From the above, the present invention further defines the particle size, kind, etc. of the radiation absorber. The particle size of the radiation absorber can be selected according to the particle size of the polymer, so that the uniform mixing degree of the radiation absorber and the polymer is improved. The type of radiation absorber can be selected according to the actual need.
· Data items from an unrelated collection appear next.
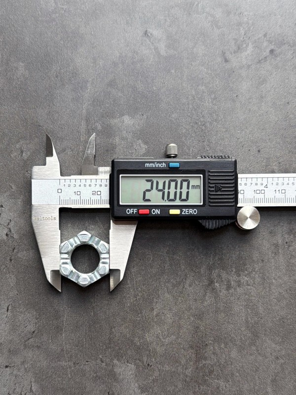 Гайка М24х1,5 корончатая, мелкий шаг резьбы. Гайка российского производства. Артикул: 853514. Применяемость: гайка рулевого пальца КАМАЗ. Диаметр резьбы: 24 мм. Шаг резьбы: 1,5. Высота: 20 мм. Размер "под ключ": 36 мм. Высота от опорной поверхности до основания прорези: 14 мм. Покрытие: цинк.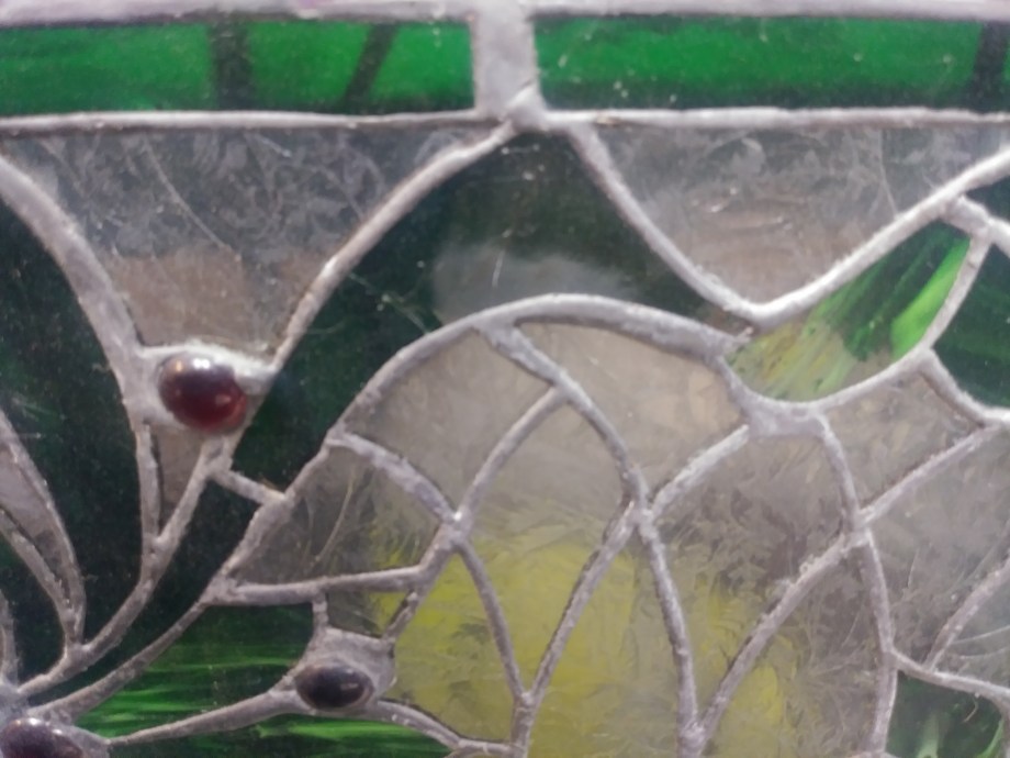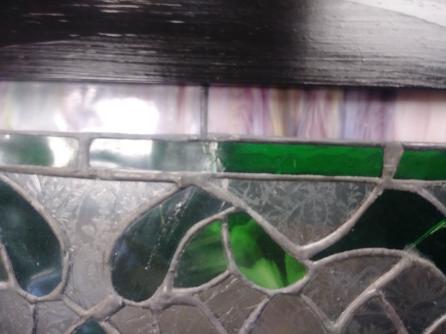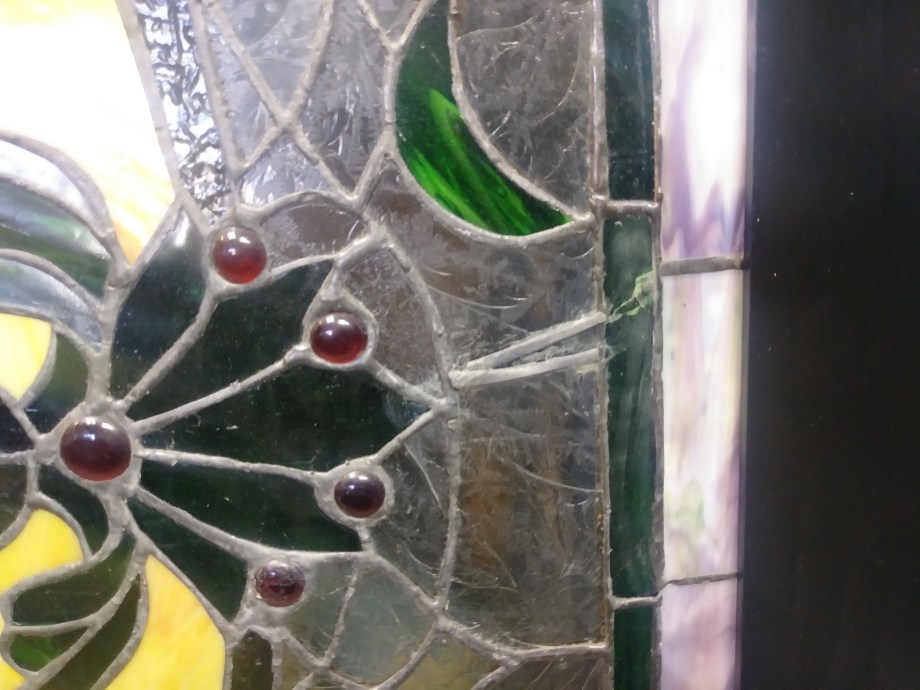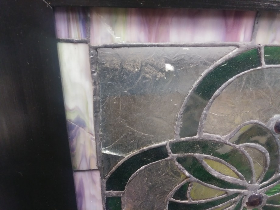 We’re lucky that the bones of the panel are good. The framing seems sound, and there’s a lot of glass that’s in good shape. There are also many places where we might incorporate some stronger structural elements, enhancing the panel’s stability while maintaining its appearance. But there’s a lot that…needs some work, and some of it’s in places that will require a lot of disassembly to get to. But we always do love a challenge, and it’s always a pleasure to restore beautiful pieces to glory!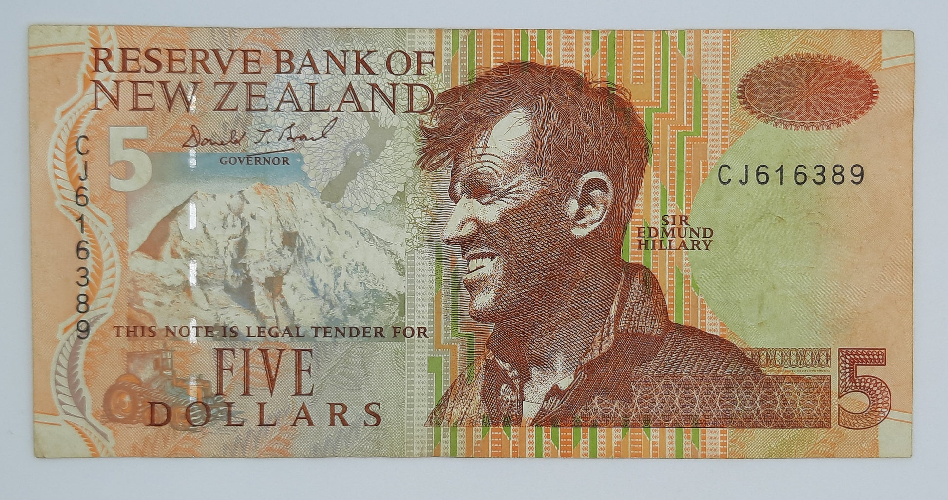 1995 (1992)- Reserve Bank of New Zealand - $5 (Five) NZD Dollars Banknote, Serial No. CJ 616289 P-177b Sir Edmund Hillary & Campbell Island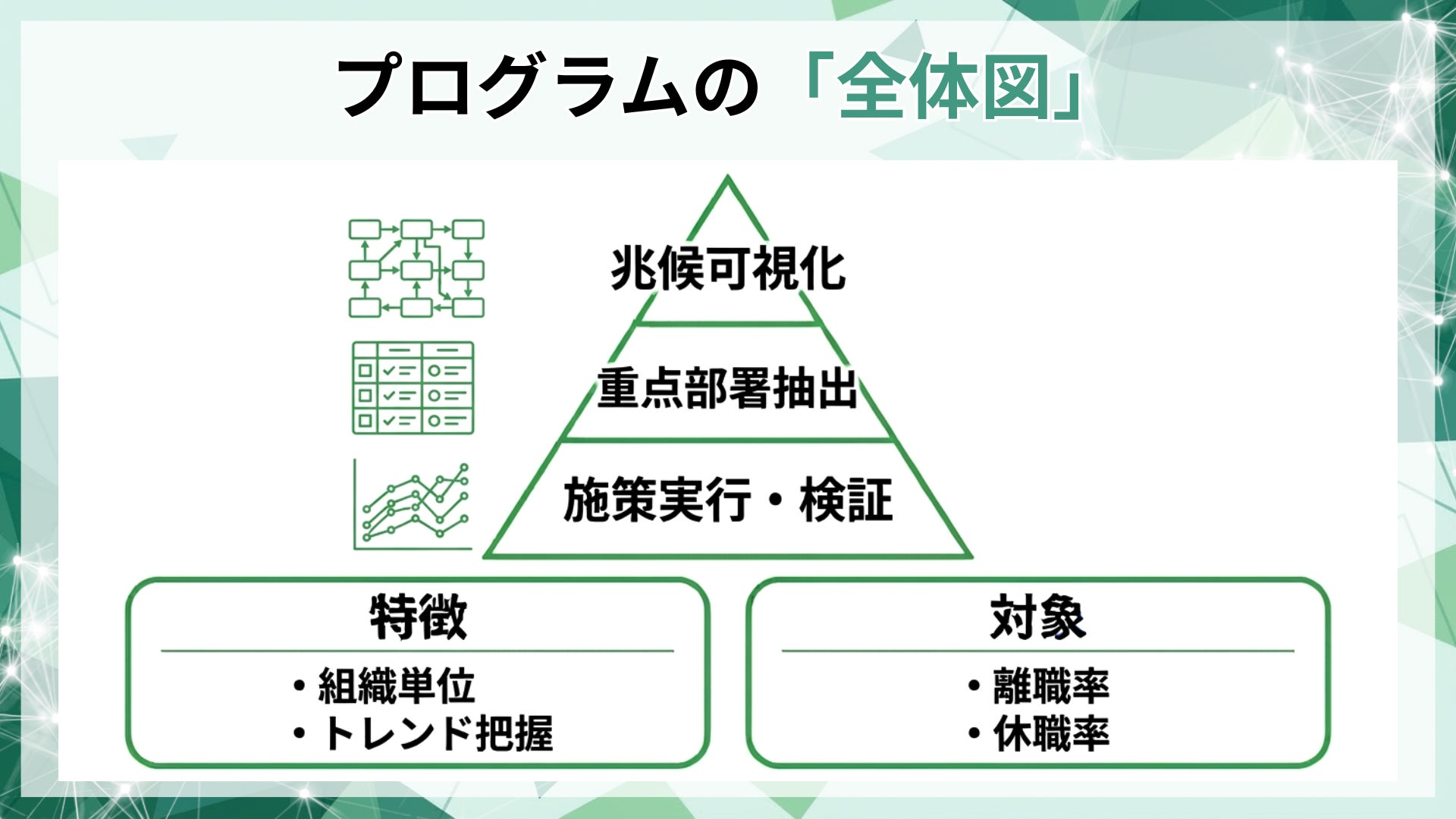 本プログラムは、人材戦略と施策、人的資本KPIの対応関係を整理し、運用として回すためのDX支援です。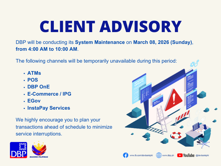 The Development Bank of the Philippines (DBP) is regulated by the Bangko Sentral ng Pilipinas (BSP). For inquiries and complaints, please visit your branch of account, email customerservice@dbp.ph, contact the BSP Financial Consumer Protection Department at telephone number (02) 708-7087, email consumeraffairs@bsp.gov.ph or access the BSP Customer Assistance Management System(CAMS) Chatbot by sending an SMS to 021582277 (for Globe subscibers only) or visiting the BSP Facebook Page.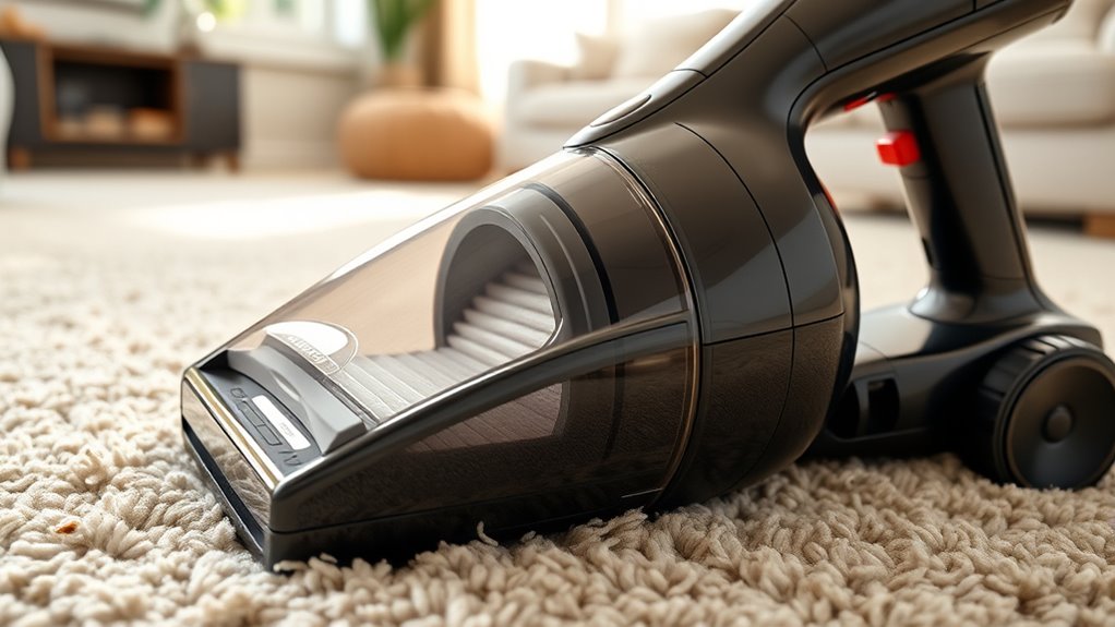 Maintaining a pet hair vacuum with a HEPA filter is simpler when the design prioritizes ease of access and straightforward maintenance features. Look for models with washable filters, which save money and facilitate upkeep, and check if filter compartments are easy to reach with clear instructions. A dustbin or dirt tank that empties easily, ideally with one-touch or hands-free mechanisms, makes cleanup less messy and more efficient. Tangle-free brush rolls and specialized pet hair tools help prevent clogs and reduce maintenance time. Simplified access to filter compartments ensures you can quickly replace or clean filters as needed, keeping the vacuum performing at its best. A well-designed vacuum minimizes hassle, so you can focus on keeping your home clean and allergen-free.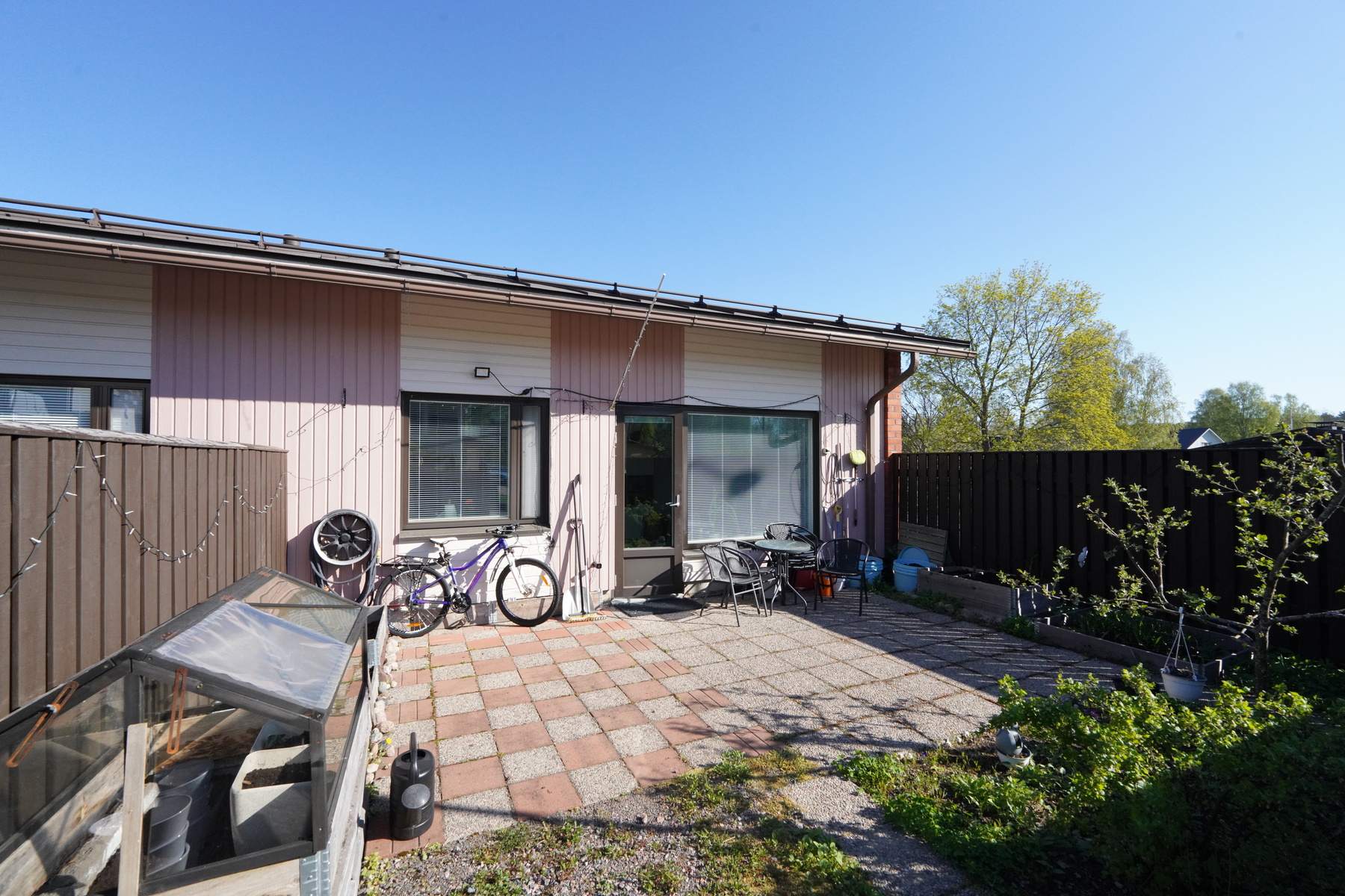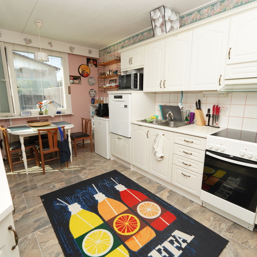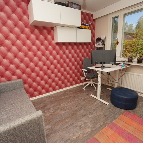Vuosien varrella saneerattu, siistikuntoinen kolmio yhdessä tasossa. Olohuoneesta on käynti aurinkoiselle ja aidatulle etelänpuoleiselle piha-alueelle, josta osa kivettyä terassia. Taloyhtiössä on uusittu mm. ikkunat ja terassiovet sekä käyttövesiputket, huoneistossa sauna ja kylpyhuone on uusittu vuonna 2018. Lähiaikojen suurimpana hankkeena maalämpö ja aurinkopaneelit, joista ei näillä näkymin synny juurikaan lisäkustannuksia osakkeenomistajille. Sijainti on erinomainen rauhallisella ja viihtyisällä pientaloalueella, lähellä ydinkeskustaa ja samalla luontoa ulkoilumahdollisuuksineen. Rauhalassa on lähikauppa ja päiväkoti, lähellä myös uudehko leikkipuisto. Harrastusmahdollisuuksia tuovat esimerkiksi keinonurmikenttä sekä keila- ja jäähallit.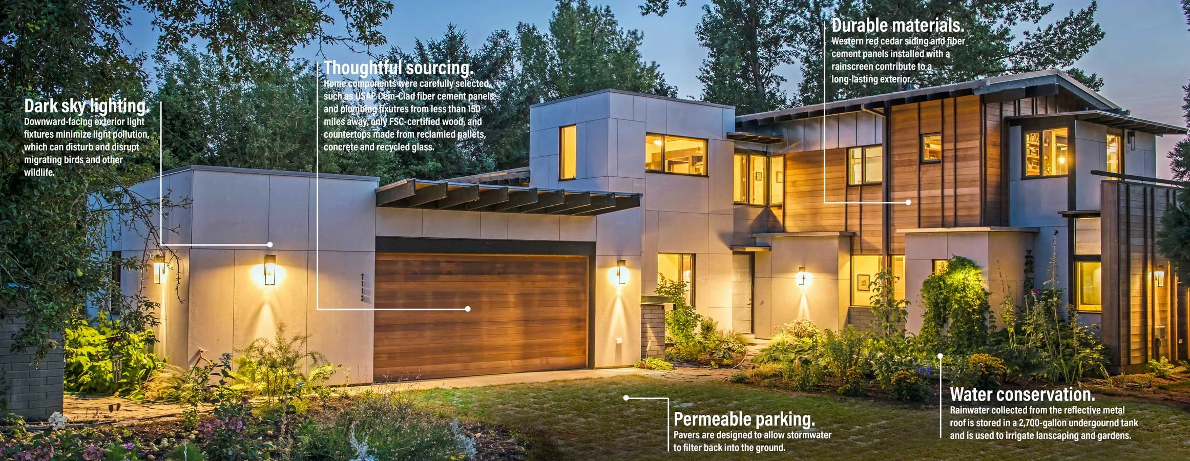 Energy: Ground-source heat pump, All electric house for no fossil fuel use, 5.25 kW solar array, Breathable envelope (R53 ceiling, R30 walls, R59 floor), Soy based closed cell spray foam insulation, ICF basement construction, Reflective metal roof, High CRI, high efficiency LED lighting, natural daylighting, Local materials. Water: Potable rainwater system with 2700 gallon storage, Permeable driveway, No outdoor paints used. Materials: Recycled gypsum, fiber cement (with reclaimed fly ash siding). Indoor Air Quality: Formaldehyde-free plywood, Continuous ventilation with HRV fans, Siding is installed with a “rain screen” air space. Site: Xeriscaping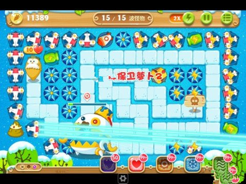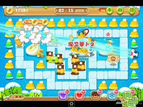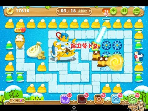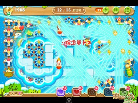 3、到了最后阶段,我们可以在左边位置上建造两个雪花炮塔用来减慢怪物 的移动速度,然后有钱就无限建造手电筒炮塔就可以通关啦,如下图所示,保卫萝卜2金萝卜100关布阵图就已经完成了。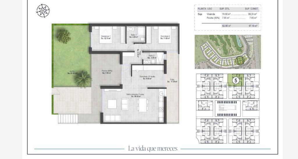 De beganegrondwoningen beschikken over een privétuin en een gezellige achterpatio, ideaal om buiten te ontspannen. De bovenwoningen bieden ruime terrassen, een dakterras (solarium) en een zomerse buitenkeuken, vanwaar u kunt genieten van spectaculair uitzicht op de bergen en de indrukwekkende golfbaan.

The polymer is at least one of polyethylene, polypropylene, polystyrene, polyamide, polyester, polycarbonate, polyacetal, polyformaldehyde, polyether ether ketone, polyether ketone, polyphenylene sulfide, polytetrafluoroethylene, polyvinylidene fluoride, polyvinyl chloride, acrylonitrile-styrene-acrylate copolymer, polymethyl methacrylate, styrene-acrylonitrile copolymer, styrene-maleic anhydride copolymer, polyvinyl chloride and polyethyleneimine.
From the above, the invention further defines the types of polymers, and can select the proper polymer types according to the specific application fields of the 3D printing molded articles.
Drawings
Fig. 1 is a schematic diagram of a conventional 3D printing molding material.
Fig. 2 is a schematic diagram of a 3D printing molding material according to an embodiment of the present invention.
Fig. 3 is a schematic structural diagram of radiation preheating of a 3D printing molding material according to an embodiment of the present invention.
Fig. 4 is a schematic structural diagram of adding a flux to a preset area of a 3D printing molding material according to an embodiment of the present invention.
Fig. 5 is a schematic structural diagram of a preset region of a 3D printing molding material according to an embodiment of the present invention.
Fig. 6 is a schematic structural diagram illustrating a preset region fusing of a 3D printing molding material according to an embodiment of the present invention.
Fig. 7 is a schematic structural diagram of a 3D object printed by a 3D printing molding material according to an embodiment of the present invention.
The present invention will be described in further detail with reference to the accompanying drawings and specific embodiments.
Detailed Description
As shown in fig. 1, the existing 3D printing molding material mainly includes a polymer 11 and a radiation absorber 12. As shown in fig. 2, the 3D printing molding material of the present invention includes a polymer 21, a radiation absorber 22, and a filler 23, wherein the filler 23 is surface-modified. The polymer 21, the radiation absorber 22 and the filler 23 are uniformly mixed, the filler 23 can fill the gap between the polymer 21, and when the 3D printing material is fused, the filler 23 can play a role in reinforcing the polymer 21 matrix.
In the present invention, the polymer 21 may be in the form of particles or powder, and the particle diameter may be in the range of 1 μm to 100. mu.m. The particle size of the radiation absorber 22 may be in the range of 1 μm to 100 μm, and the particle size of the filler 23 may be in the range of 0.1 μm to 100 μm. The polymer 21, the radiation absorber 22, and the filler 23 may be blended in proportion as needed, and for example, when the polymer 21 is 100 parts by mass, the radiation absorber 22 may be 0.1 to 10 parts by mass, and the filler 23 may be 0.1 to 200 parts by mass.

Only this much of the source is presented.